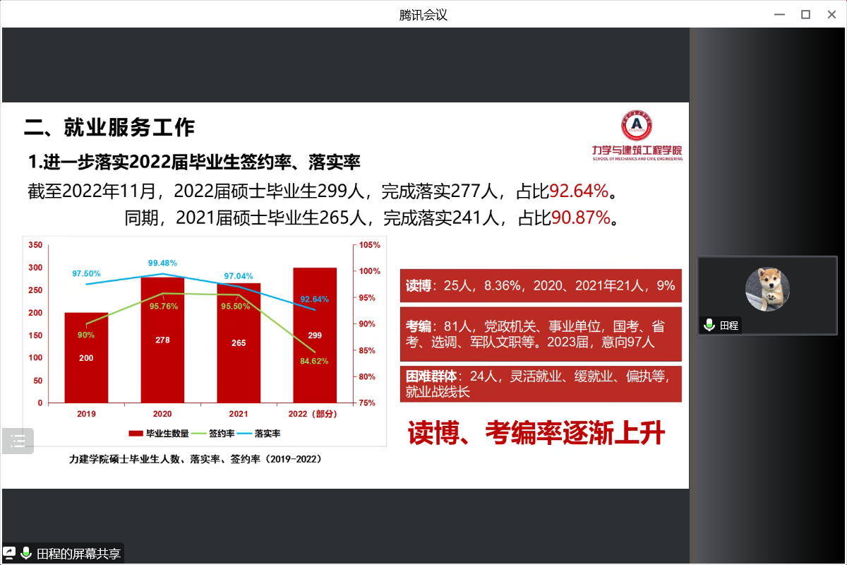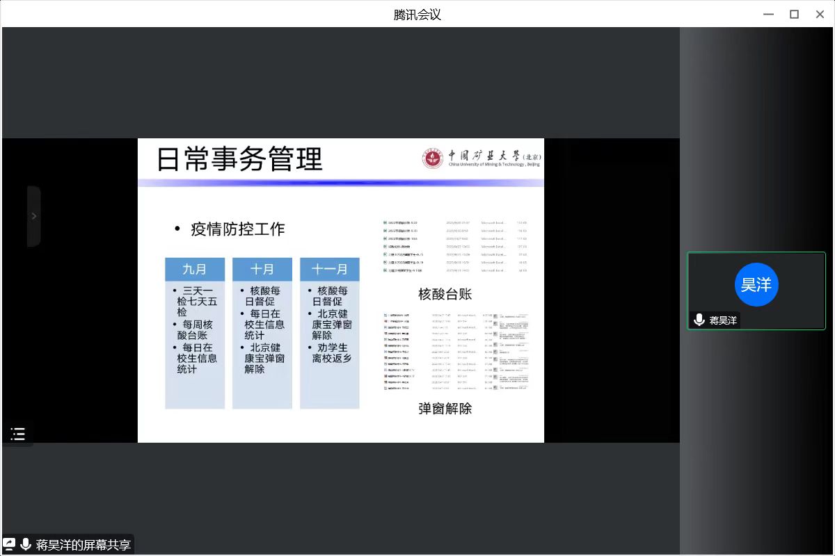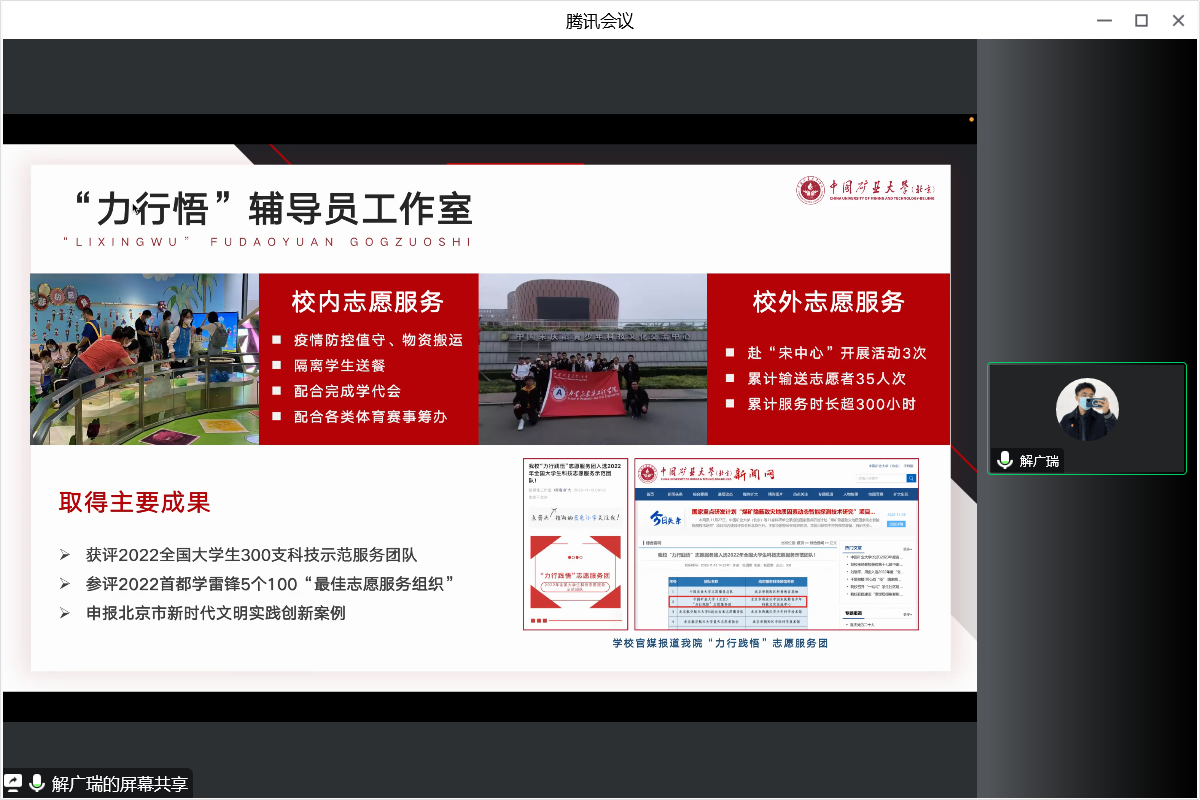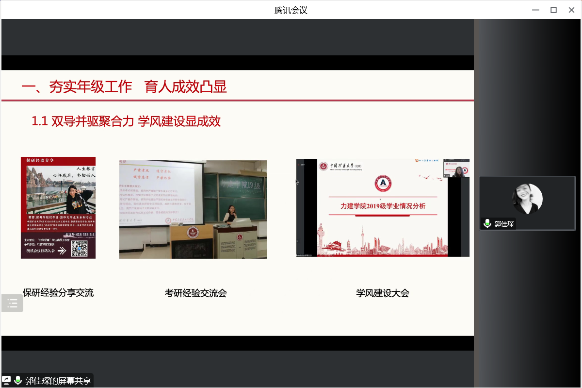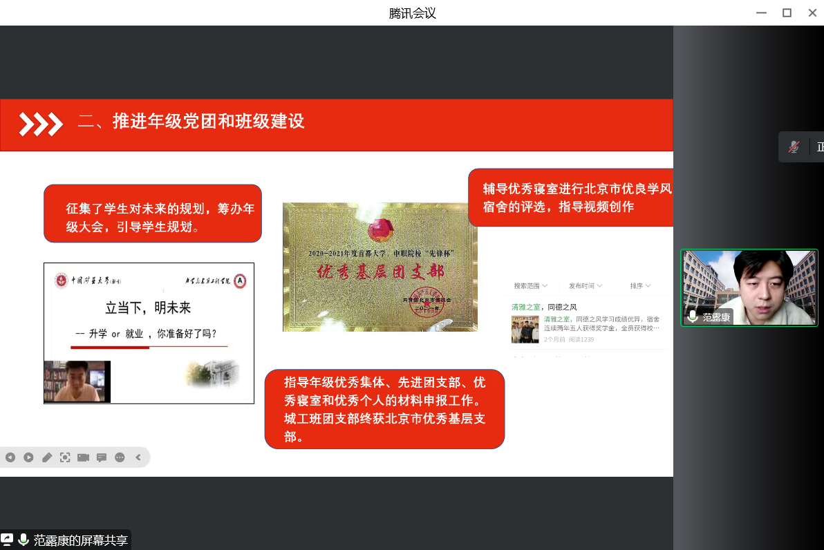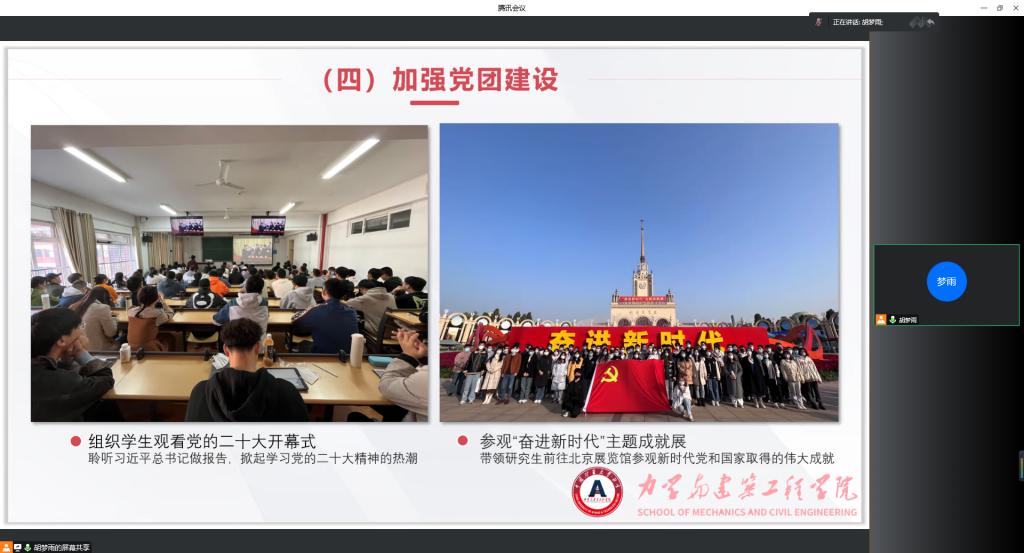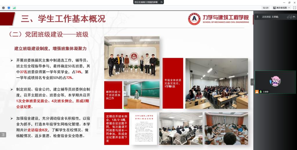 会上,力建学院11名专兼职辅导员从思想政治教育、党团班级建设、学风建设、日常事务管理、心理健康教育与咨询、网络思想政治教育、校园危机事件应对、职业规划与就业创业指导、校园疫情防控和所负责专项工作板块等方面进行了量化总结、难题分析和经验探讨,对工作的有效措施、显著成效、重点亮点等进行了梳理,总结分析本年度工作存在的不足和今后工作规划。
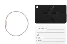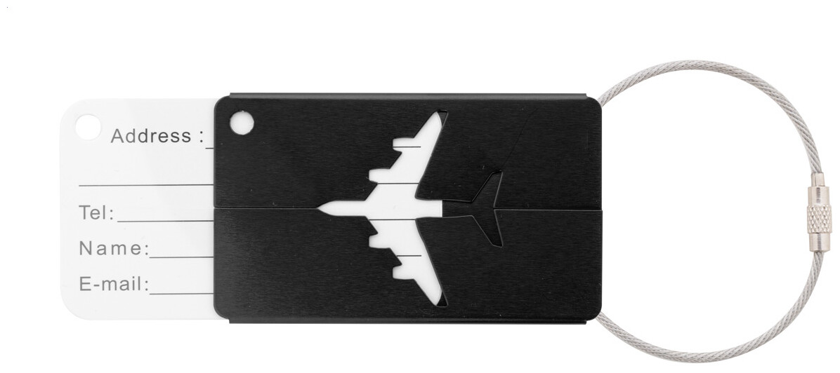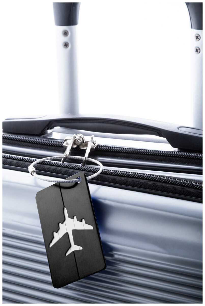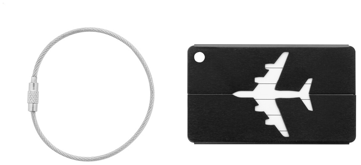 Hliníková visačka na zavazadla s motivem letadla a kovovým lankem.
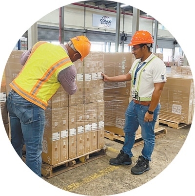 “海運(yùn)+海外倉”是中遠(yuǎn)海運(yùn)探索出的“一站式”全程綜合物流服務(wù)模式,集海運(yùn)、倉儲(chǔ)、報(bào)關(guān)等服務(wù)于一體。圖為在巴拿馬科隆自由貿(mào)易區(qū)內(nèi)的中遠(yuǎn)海運(yùn)海外倉,工作人員對(duì)抵達(dá)的貨物進(jìn)行質(zhì)檢??逅埂ぐ嗟夏釘z

WORK REQUIRED
All the lines above need to be repeated exactly, with no pictures carried over.

WRITTEN ANSWER
 会上,力建学院11名专兼职辅导员从思想政治教育、党团班级建设、学风建设、日常事务管理、心理健康教育与咨询、网络思想政治教育、校园危机事件应对、职业规划与就业创业指导、校园疫情防控和所负责专项工作板块等方面进行了量化总结、难题分析和经验探讨,对工作的有效措施、显著成效、重点亮点等进行了梳理,总结分析本年度工作存在的不足和今后工作规划。
 Hliníková visačka na zavazadla s motivem letadla a kovovým lankem.
 “海運(yùn)+海外倉”是中遠(yuǎn)海運(yùn)探索出的“一站式”全程綜合物流服務(wù)模式,集海運(yùn)、倉儲(chǔ)、報(bào)關(guān)等服務(wù)于一體。圖為在巴拿馬科隆自由貿(mào)易區(qū)內(nèi)的中遠(yuǎn)海運(yùn)海外倉,工作人員對(duì)抵達(dá)的貨物進(jìn)行質(zhì)檢??逅埂ぐ嗟夏釘z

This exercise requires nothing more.